WHAT IS REQUIRED —
Return every record below exactly as written, omitting any pictures.
━━━ EXERCISE MATERIALS ━━━
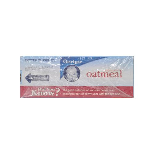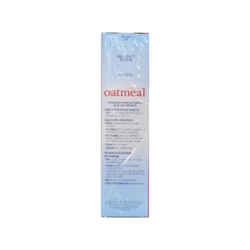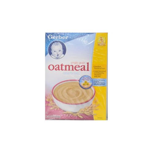 Cereal for Baby, Single Grain Oatmeal 16 oz (1 lb) 454 g Supported sitter. Nutri Protect: iron, B, E, zinc. Nutrition for healthy growth & natural immune support. Excellent source of iron. Good source of 6 B vitamins, vitamin E and zinc. Did you know? The good nutrition of iron-rich cereal is an important part of baby’s diet until the age of 2. Your child may be ready if she or he: sits with help or support; opens mouth and leans toward spoon. Good for Babies: Excellent source of iron for healthy brain development; 6 B vitamins for healthy growth; vitamin E and zinc for natural immune support; calcium for healthy bones and teeth. Made for Babies: Gentle introduction to solid foods (see preparation instructions for baby’s first cereal feeding); Fine texture that is easy to swallow; Single grains that are easy to digest; Try mixing with fruit and veggie purees for added variety and texture. Did you know? Iron is important for healthy brain development. Around the middle of the first year, babies’ natural iron stores begin to diminish; Gerber infant cereals provide iron, an important nutrient for your baby’s growth and mental development. No added refined sugar, artificial flavors or color. Completely cooked and ready to serve. Just add liquid. Baby’s First Cereal Feeding: Mix 1 tbsp. cereal with 4-5 tbsp. of breastmilk or formula. Easy to Mix Directions: Place desired amount of cereal in bowl. For Baby: Stir in liquid (breastmilk or formula) to desired consistency. For Toddler: Mix with water, juice, or whole milk for children over one year of age. Serve as is or warm. Discard any unfed cereal. Microwave Guidelines for Heating: Mix 1/4 cup of cereal with 1/4-1/2 cup unheated liquid. Warm at Medium (50% power) 15-30 seconds. If mixing with whole milk for children over 1 year, heat on High power for 15-20 seconds. Stir to even out temperature. Test temperature before feeding. 16 oz (1 lb) 454 g Fremont, MI 49413 800-4-GERBER 2009 Nestle
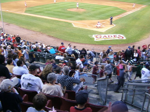 Having survived rafting on the Lehigh River last weekend Tom Faranda’s Folly: Photos from the weekend, including rafting and a friend’s retirement party , Tim and I yesterday evening went to the Hudson Valley Renegades minor league baseball game (Just the two of us, Brigid and Joe passed on this one). We went along with most of Tim’s cub scout group, and hundreds of other cub and boy scouts, and some girl scouts.
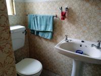 Inside, the residence features an open-plan layout that seamlessly connects the living spaces. The spacious lounge, complete with a ceiling fan and abundant natural light from large windows, offers a comfortable area for relaxation and entertainment. The functional kitchen, though presenting a somewhat dated aesthetic, is equipped with extensive cabinet storage, a double basin sink, built-in oven/hob, and an extractor fan, catering to everyday culinary needs. Adjacent to the kitchen, a bright dining area provides a perfect setting for family meals.
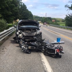 Daniel Gautreau, 59, was riding east on Route 2 in Hanover when his Harley-Davidson hit the car in front of him and ended up in the path of an oncoming vehicle.
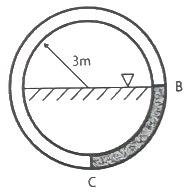 그림과 같이 안지름이 3m인 수도관에 정지된 물이 절반만큼 채워져 있다. 길이 1m의 수도관에 대하여 곡면 B-C 부분에 가해지는 합력의 크기는 약 몇 kN 인가? (문제 오류로 가답안 발표시 4번이 답안으로 발표되었으나, 확정답안 발표시 전항 정답 처리 되었습니다. 여기서는 가답안인 4번을 누르면 정답 처리 됩니다.)
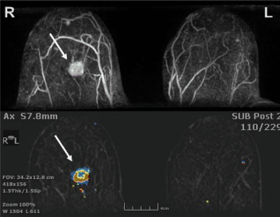 MRI mammae na contrast, uitgevoerd omdat patiënte neoadjuvante chemotherapie zal ondergaan. Axiale coupes met hierin een pathologisch aankleurende irregulaire massa centraal in de rechtermamma (pijlen) met hypertrofische bloedvaten. Deze tumor was al bekend van mammografie en echografie. BI-RADS 6, PA-bewezen maligniteit.
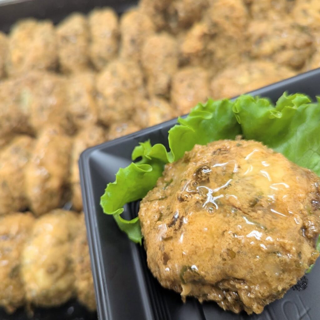 豆腐、ネギ、ごぼうを混ぜ込んで、一つ一つ丸めて揚げました。生姜を効かせたあんをかけて召し上がれ。
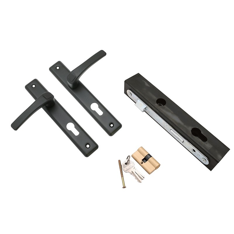 Комплект за порта №1 е пълен монтажен комплект, предназначен за монтаж в портали, порти и оградни врати. Съдържа всички необходими елементи за създаване на функционален и безопасен вход, включително брава, дръжка, цилиндрична вложка и монтажни кутии. Дръжката е изработена от полиамид и има прахово боядисана стоманена плоча, което я прави устойчива на атмосферни влияния и счупване. Поцинкованата и антикорозионна брава позволява отваряне с ключ, а месинговата цилиндърна вложка е снабдена с гъбовидни щифтове, което затруднява манипулацията. Кутията на ключалката е изработена от сурова стомана и е предназначена за заваряване. Комплектът включва и монтажни винтове.
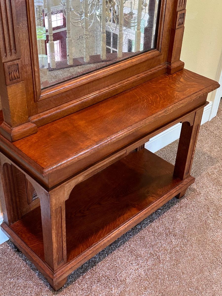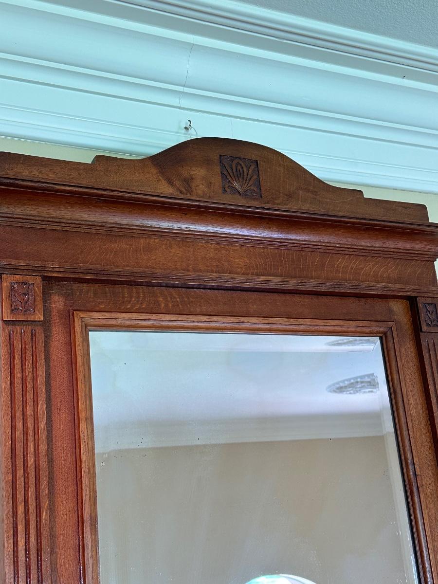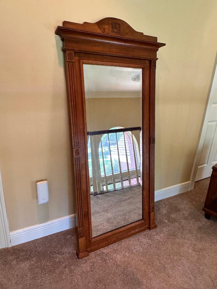 Beautiful Mirror ~ Mirror has some desilvering in Mirror as seen in photo ~ bottom piece measures 23” H x 31” W x 12.75” D ~ Mirror = 66” H x 32” W ~ Mirror in photo is attached to wall so that the mirror does not fall forward
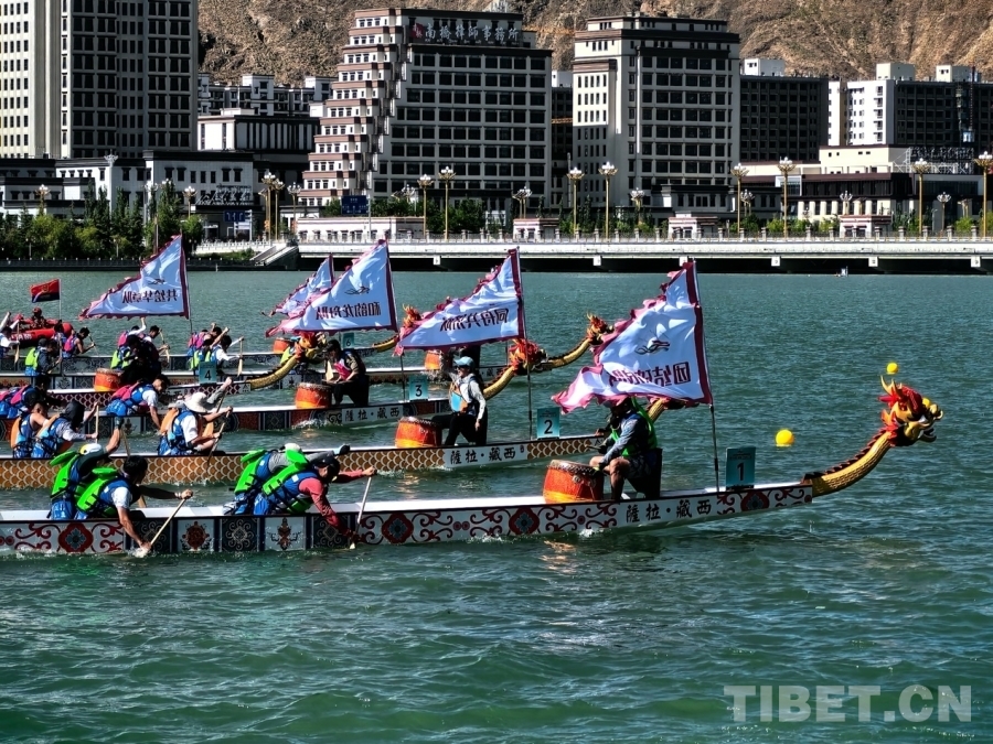 據(jù)了解,本次賽事系西藏首次舉辦,也是國內(nèi)海拔最高的牛皮船(龍舟)賽,以“鑄牢中華民族共同體意識,弘揚(yáng)中華民族傳統(tǒng)體育文化”為主題,邀請了來自遼寧、湖北、湖南、四川、云南、貴州和廣西的30名龍舟運(yùn)動員,與西藏自治區(qū)30名龍舟運(yùn)動員以及40名牛皮船運(yùn)動員進(jìn)行同場競技。最終,并肩前行隊(duì)、齊心破浪隊(duì)、和韻龍舟隊(duì)獲得龍舟賽前三名,提槳破水隊(duì)、奔跑吧羚羊隊(duì)、龍翔喜馬隊(duì)獲得牛皮船賽前三名。
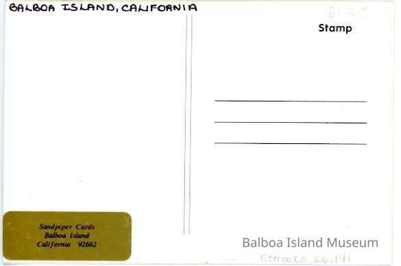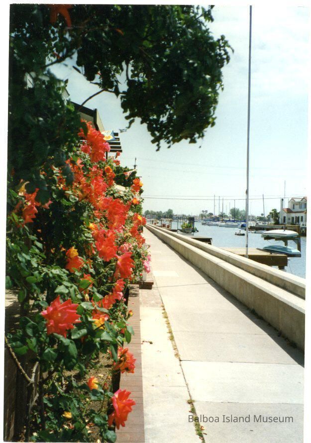 A thick, heavy postcard made locally that appears to be a photograph glued to a piece of backer board. More recent in age. Taken along hte 100 block of Grand canal in front of a house with a large row of rosebushes between the patio and Grand Canal boardwalk. No publisher, printer, or photographer. Sold by Sandpiper Cards on Balboa Island. Vertical print.Subject
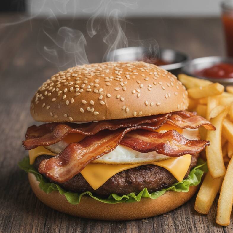 Pan hamburguesa especial, 150gr de carne, tocino, huevo, jamón, queso, tomate, salsa Maffy y papas fritas
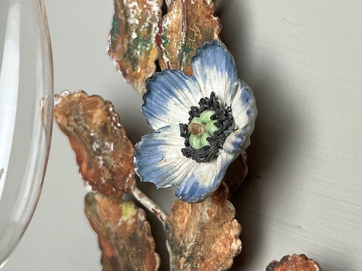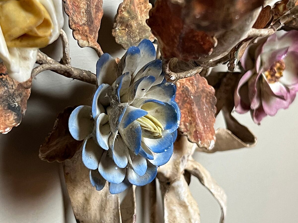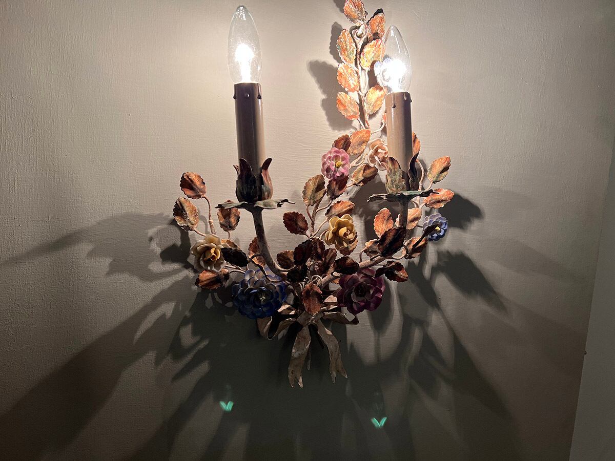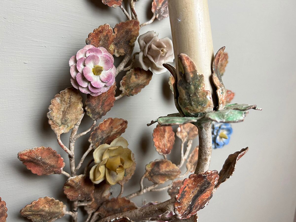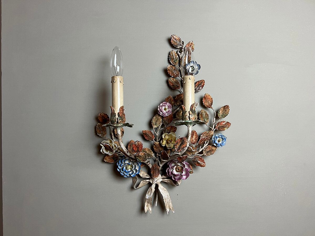 フランス 花の装飾が可愛らしいペインテッドアイアンウォールブラケットランプ 7901_02
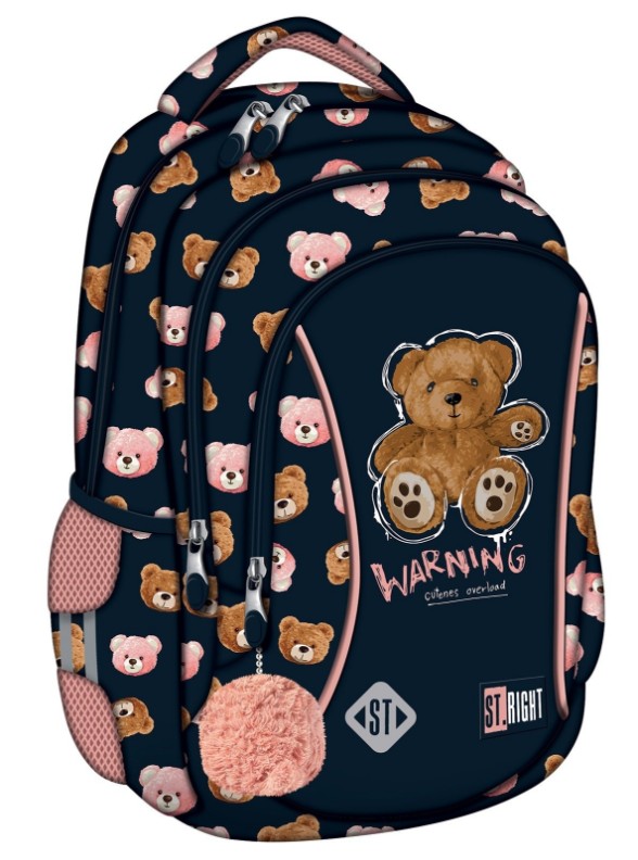 Ghiozdanul are 1 compartiment principal si 2 compartimente frontale cu fermoar.
━━━
WORKED SOLUTION —
 Cereal for Baby, Single Grain Oatmeal 16 oz (1 lb) 454 g Supported sitter. Nutri Protect: iron, B, E, zinc. Nutrition for healthy growth & natural immune support. Excellent source of iron. Good source of 6 B vitamins, vitamin E and zinc. Did you know? The good nutrition of iron-rich cereal is an important part of baby’s diet until the age of 2. Your child may be ready if she or he: sits with help or support; opens mouth and leans toward spoon. Good for Babies: Excellent source of iron for healthy brain development; 6 B vitamins for healthy growth; vitamin E and zinc for natural immune support; calcium for healthy bones and teeth. Made for Babies: Gentle introduction to solid foods (see preparation instructions for baby’s first cereal feeding); Fine texture that is easy to swallow; Single grains that are easy to digest; Try mixing with fruit and veggie purees for added variety and texture. Did you know? Iron is important for healthy brain development. Around the middle of the first year, babies’ natural iron stores begin to diminish; Gerber infant cereals provide iron, an important nutrient for your baby’s growth and mental development. No added refined sugar, artificial flavors or color. Completely cooked and ready to serve. Just add liquid. Baby’s First Cereal Feeding: Mix 1 tbsp. cereal with 4-5 tbsp. of breastmilk or formula. Easy to Mix Directions: Place desired amount of cereal in bowl. For Baby: Stir in liquid (breastmilk or formula) to desired consistency. For Toddler: Mix with water, juice, or whole milk for children over one year of age. Serve as is or warm. Discard any unfed cereal. Microwave Guidelines for Heating: Mix 1/4 cup of cereal with 1/4-1/2 cup unheated liquid. Warm at Medium (50% power) 15-30 seconds. If mixing with whole milk for children over 1 year, heat on High power for 15-20 seconds. Stir to even out temperature. Test temperature before feeding. 16 oz (1 lb) 454 g Fremont, MI 49413 800-4-GERBER 2009 Nestle
 Having survived rafting on the Lehigh River last weekend Tom Faranda’s Folly: Photos from the weekend, including rafting and a friend’s retirement party , Tim and I yesterday evening went to the Hudson Valley Renegades minor league baseball game (Just the two of us, Brigid and Joe passed on this one). We went along with most of Tim’s cub scout group, and hundreds of other cub and boy scouts, and some girl scouts.
 Inside, the residence features an open-plan layout that seamlessly connects the living spaces. The spacious lounge, complete with a ceiling fan and abundant natural light from large windows, offers a comfortable area for relaxation and entertainment. The functional kitchen, though presenting a somewhat dated aesthetic, is equipped with extensive cabinet storage, a double basin sink, built-in oven/hob, and an extractor fan, catering to everyday culinary needs. Adjacent to the kitchen, a bright dining area provides a perfect setting for family meals.
 Daniel Gautreau, 59, was riding east on Route 2 in Hanover when his Harley-Davidson hit the car in front of him and ended up in the path of an oncoming vehicle.
 그림과 같이 안지름이 3m인 수도관에 정지된 물이 절반만큼 채워져 있다. 길이 1m의 수도관에 대하여 곡면 B-C 부분에 가해지는 합력의 크기는 약 몇 kN 인가? (문제 오류로 가답안 발표시 4번이 답안으로 발표되었으나, 확정답안 발표시 전항 정답 처리 되었습니다. 여기서는 가답안인 4번을 누르면 정답 처리 됩니다.)
 MRI mammae na contrast, uitgevoerd omdat patiënte neoadjuvante chemotherapie zal ondergaan. Axiale coupes met hierin een pathologisch aankleurende irregulaire massa centraal in de rechtermamma (pijlen) met hypertrofische bloedvaten. Deze tumor was al bekend van mammografie en echografie. BI-RADS 6, PA-bewezen maligniteit.
 豆腐、ネギ、ごぼうを混ぜ込んで、一つ一つ丸めて揚げました。生姜を効かせたあんをかけて召し上がれ。
 Комплект за порта №1 е пълен монтажен комплект, предназначен за монтаж в портали, порти и оградни врати. Съдържа всички необходими елементи за създаване на функционален и безопасен вход, включително брава, дръжка, цилиндрична вложка и монтажни кутии. Дръжката е изработена от полиамид и има прахово боядисана стоманена плоча, което я прави устойчива на атмосферни влияния и счупване. Поцинкованата и антикорозионна брава позволява отваряне с ключ, а месинговата цилиндърна вложка е снабдена с гъбовидни щифтове, което затруднява манипулацията. Кутията на ключалката е изработена от сурова стомана и е предназначена за заваряване. Комплектът включва и монтажни винтове.
 Beautiful Mirror ~ Mirror has some desilvering in Mirror as seen in photo ~ bottom piece measures 23” H x 31” W x 12.75” D ~ Mirror = 66” H x 32” W ~ Mirror in photo is attached to wall so that the mirror does not fall forward
 據(jù)了解,本次賽事系西藏首次舉辦,也是國內(nèi)海拔最高的牛皮船(龍舟)賽,以“鑄牢中華民族共同體意識,弘揚(yáng)中華民族傳統(tǒng)體育文化”為主題,邀請了來自遼寧、湖北、湖南、四川、云南、貴州和廣西的30名龍舟運(yùn)動員,與西藏自治區(qū)30名龍舟運(yùn)動員以及40名牛皮船運(yùn)動員進(jìn)行同場競技。最終,并肩前行隊(duì)、齊心破浪隊(duì)、和韻龍舟隊(duì)獲得龍舟賽前三名,提槳破水隊(duì)、奔跑吧羚羊隊(duì)、龍翔喜馬隊(duì)獲得牛皮船賽前三名。
 A thick, heavy postcard made locally that appears to be a photograph glued to a piece of backer board. More recent in age. Taken along hte 100 block of Grand canal in front of a house with a large row of rosebushes between the patio and Grand Canal boardwalk. No publisher, printer, or photographer. Sold by Sandpiper Cards on Balboa Island. Vertical print.Subject
 Pan hamburguesa especial, 150gr de carne, tocino, huevo, jamón, queso, tomate, salsa Maffy y papas fritas
 フランス 花の装飾が可愛らしいペインテッドアイアンウォールブラケットランプ 7901_02
 Ghiozdanul are 1 compartiment principal si 2 compartimente frontale cu fermoar.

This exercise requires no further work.